= Macroprolactin =

Inactive form of prolactin

Macroprolactin is the term used to describe complexed forms of the pituitary hormone prolactin which are found in blood. The most common complex found in blood consists of prolactin and immunoglobulin G (IgG). While the free prolactin hormone is active, prolactin in the macroprolactin complex does not have any biological activity in the body and is considered benign. However, macroprolactin is detected by all Laboratory tests that measure prolactin in blood. This leads to misdiagnosis of hyperprolactinaemia in many people, especially those with other symptoms, such as infertility or menstrual problems.

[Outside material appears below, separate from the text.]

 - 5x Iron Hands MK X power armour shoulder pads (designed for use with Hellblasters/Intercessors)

"Macroprolactin" is most commonly a complex of prolactin and IgG (typically IgG4), displaying a molecular weight of approximately 150 kDa (which is hence 6–7 fold higher that the native molecule). Polymeric aggregate of highly glycosylated prolactin monomers or prolactin-IgA complexes (i.e. non-IgG-type macroprolactin) act similarly and also count as "macroprolactin".

In patients with hyperprolactinemia, the serum pattern of prolactin isoforms usually encompasses 60%–90% monomeric prolactin, 15%–30% big-prolactin (40-60 kDa: usually prolactin dimers or big-big degradation products) and 0%–10% big-big prolactin (>100 kDa). The condition of macroprolactinaemia is hence defined as predominance (i.e. >30%–60%) of circulating prolactin isoforms with molecular weight >100 kDa.

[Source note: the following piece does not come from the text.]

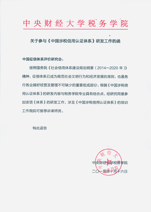 中央财经大学税务学院关于参与《中国涉税信用认证体系》研发工作的函

There are certain chemicals, such as polyethylene glycol, that can be added to remove macroprolactin from a suspicious sample. The sample can then be re-analysed to see if the prolactin levels are still high. The gold standard test to diagnose macroprolactin is gel-filtration chromatography.

== Literature ==
- Sadideen H, Swaminathan R. (2006): "Macroprolactin: what is it and what is its importance?" Int J Clin Pract. 60(4):457-61.